• [Exercise materials]
---*---
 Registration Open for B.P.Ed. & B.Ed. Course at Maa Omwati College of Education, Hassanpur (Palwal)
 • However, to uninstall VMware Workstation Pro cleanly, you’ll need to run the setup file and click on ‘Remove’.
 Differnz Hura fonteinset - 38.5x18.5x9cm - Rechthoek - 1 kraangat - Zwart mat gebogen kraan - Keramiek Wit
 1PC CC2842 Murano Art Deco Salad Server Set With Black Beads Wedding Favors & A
---*---
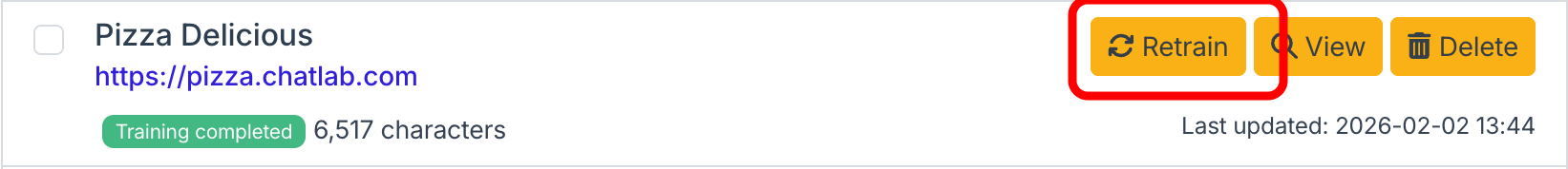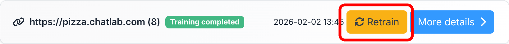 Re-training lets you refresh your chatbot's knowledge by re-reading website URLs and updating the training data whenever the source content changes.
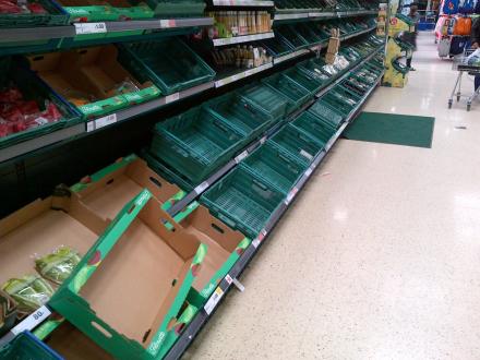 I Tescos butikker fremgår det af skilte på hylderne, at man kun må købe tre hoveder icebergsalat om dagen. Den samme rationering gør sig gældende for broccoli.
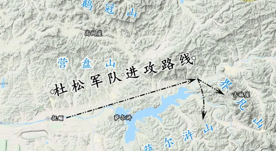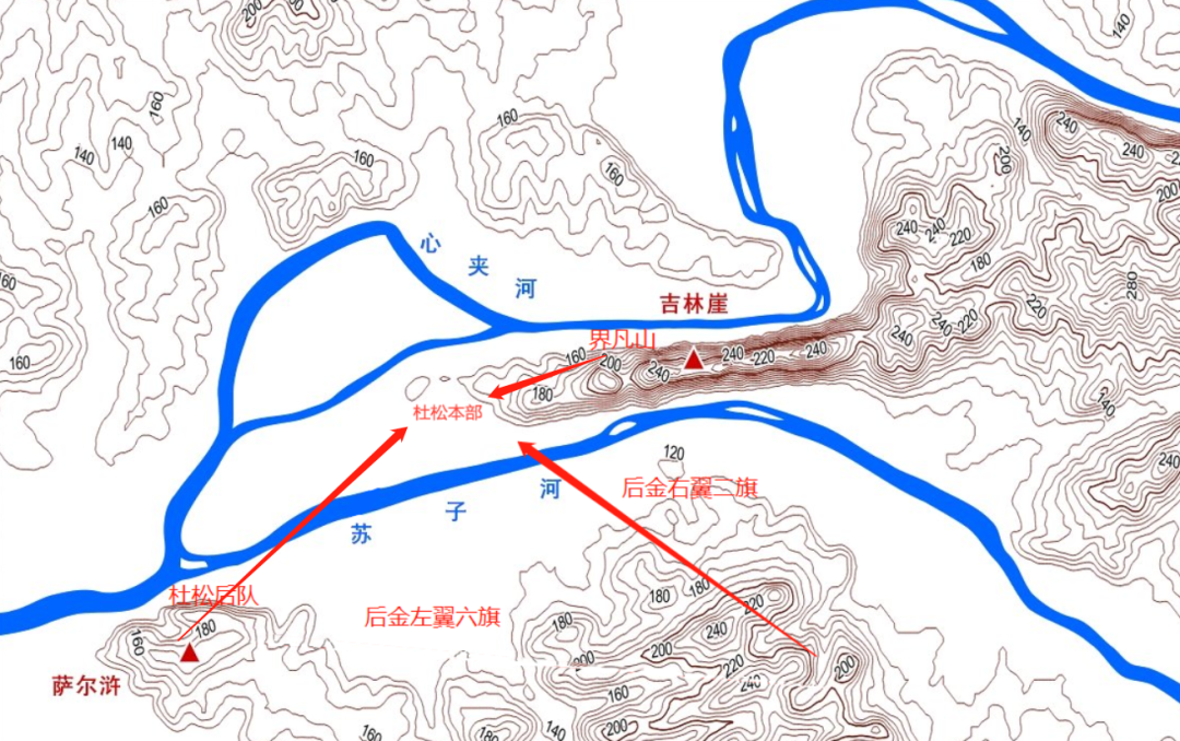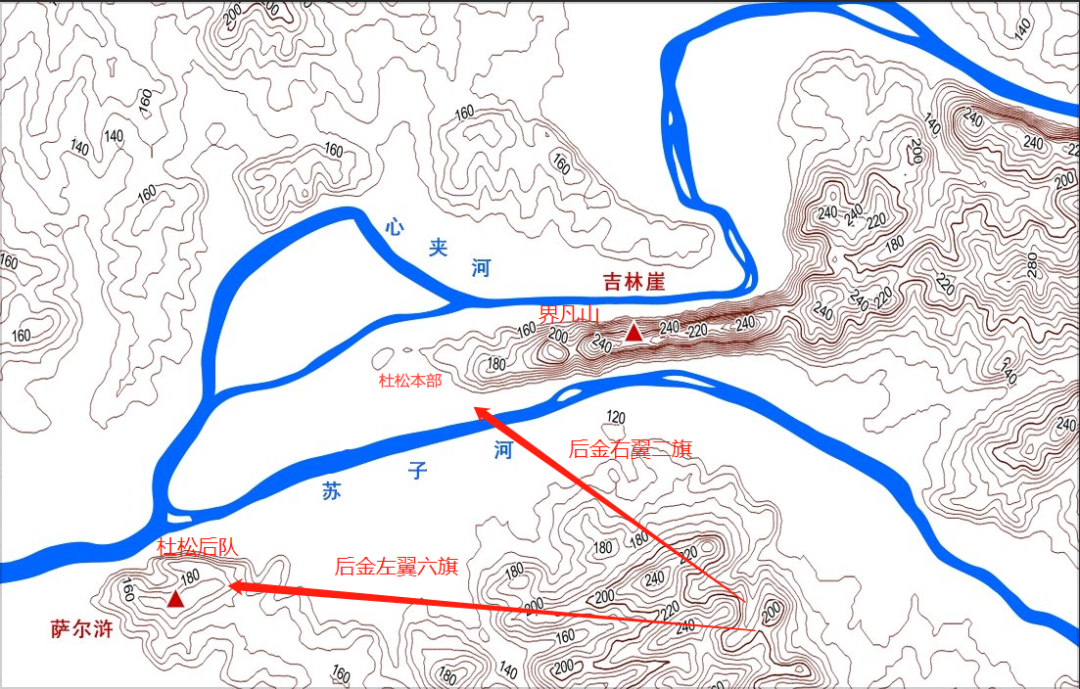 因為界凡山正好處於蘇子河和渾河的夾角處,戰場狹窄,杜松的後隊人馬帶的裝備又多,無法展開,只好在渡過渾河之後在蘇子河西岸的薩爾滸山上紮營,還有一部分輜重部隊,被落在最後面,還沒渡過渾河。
---*---
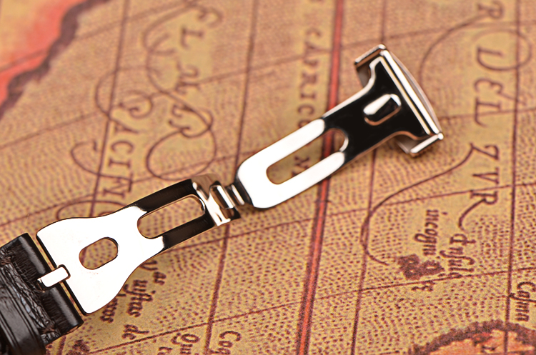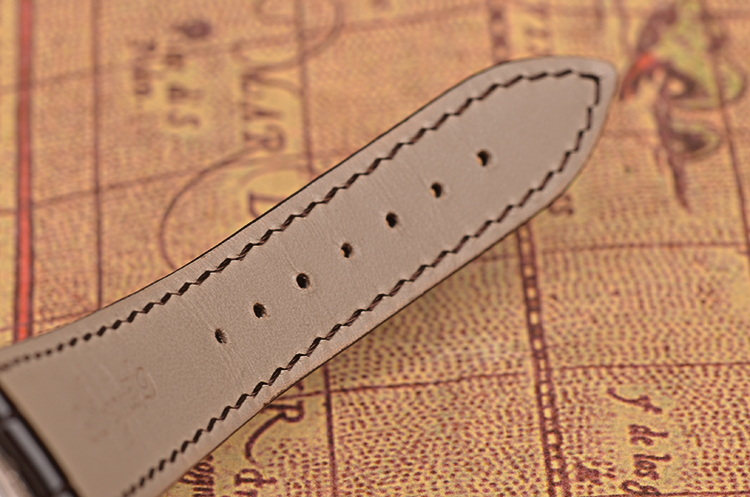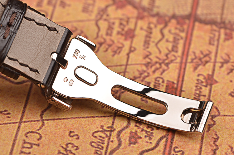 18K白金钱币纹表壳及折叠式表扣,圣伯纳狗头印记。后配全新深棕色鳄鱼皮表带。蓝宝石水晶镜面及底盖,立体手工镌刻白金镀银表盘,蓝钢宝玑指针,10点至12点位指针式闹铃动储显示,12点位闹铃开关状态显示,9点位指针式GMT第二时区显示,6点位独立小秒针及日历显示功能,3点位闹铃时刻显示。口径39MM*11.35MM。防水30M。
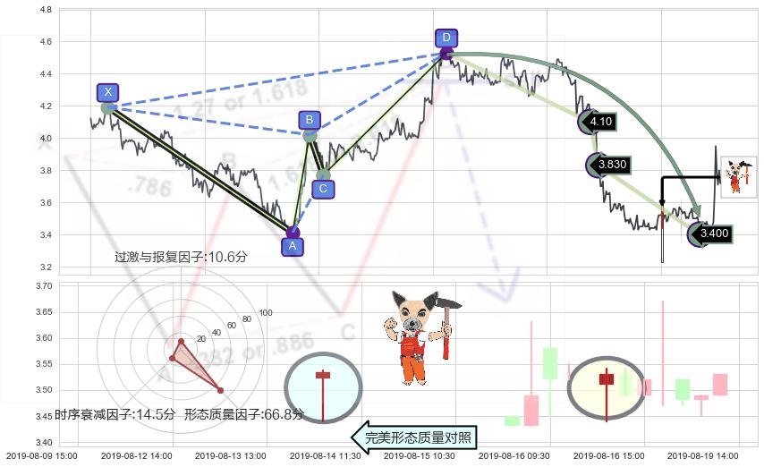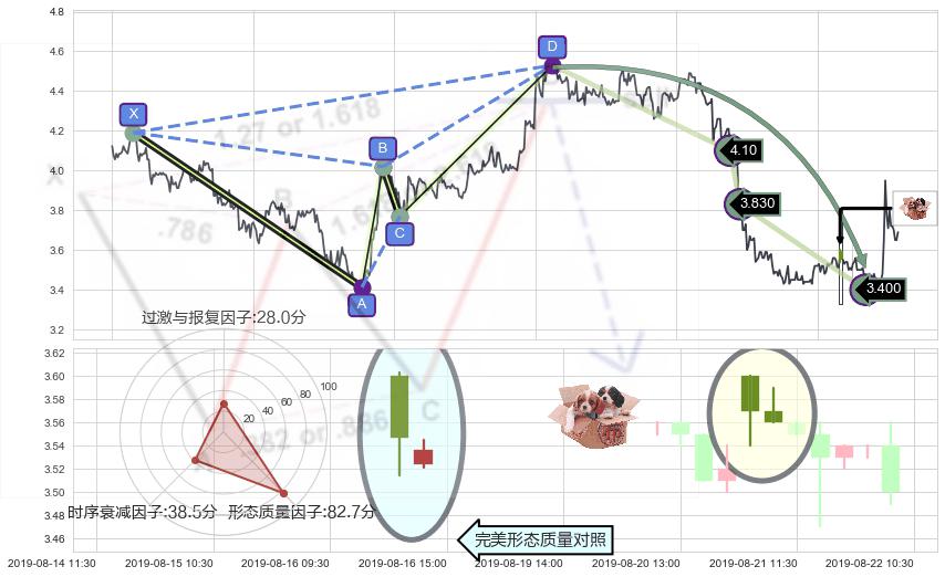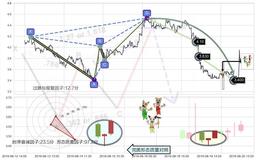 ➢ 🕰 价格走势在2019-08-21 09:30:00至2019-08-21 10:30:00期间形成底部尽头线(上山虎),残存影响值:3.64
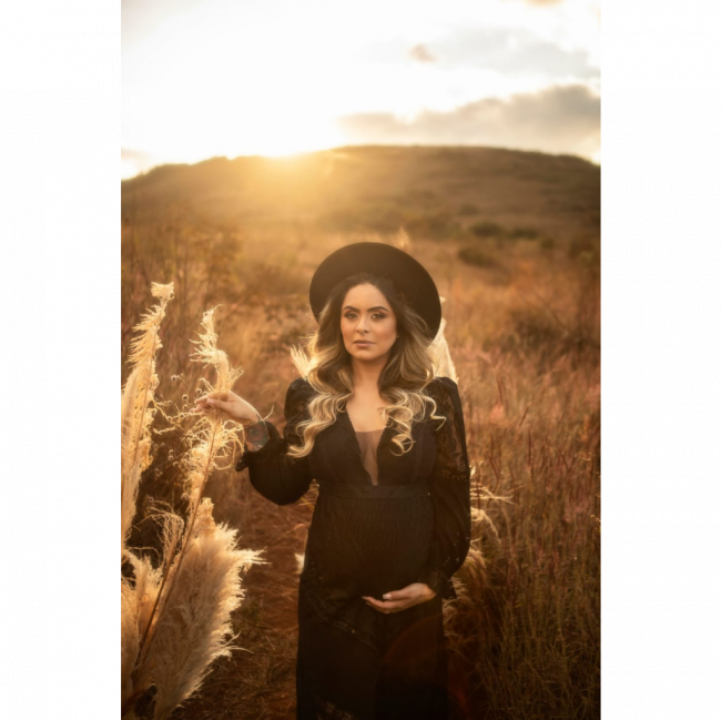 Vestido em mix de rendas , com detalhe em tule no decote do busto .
---*---
• [Exercise objective] The entries above hold the needed span. Transcribe exactly the lines from the one with "Registration Open for" to the one with "1PC CC2842 Murano", both included.

• [Solution to the problem]
 Registration Open for B.P.Ed. & B.Ed. Course at Maa Omwati College of Education, Hassanpur (Palwal)
 • However, to uninstall VMware Workstation Pro cleanly, you’ll need to run the setup file and click on ‘Remove’.
 Differnz Hura fonteinset - 38.5x18.5x9cm - Rechthoek - 1 kraangat - Zwart mat gebogen kraan - Keramiek Wit
 1PC CC2842 Murano Art Deco Salad Server Set With Black Beads Wedding Favors & A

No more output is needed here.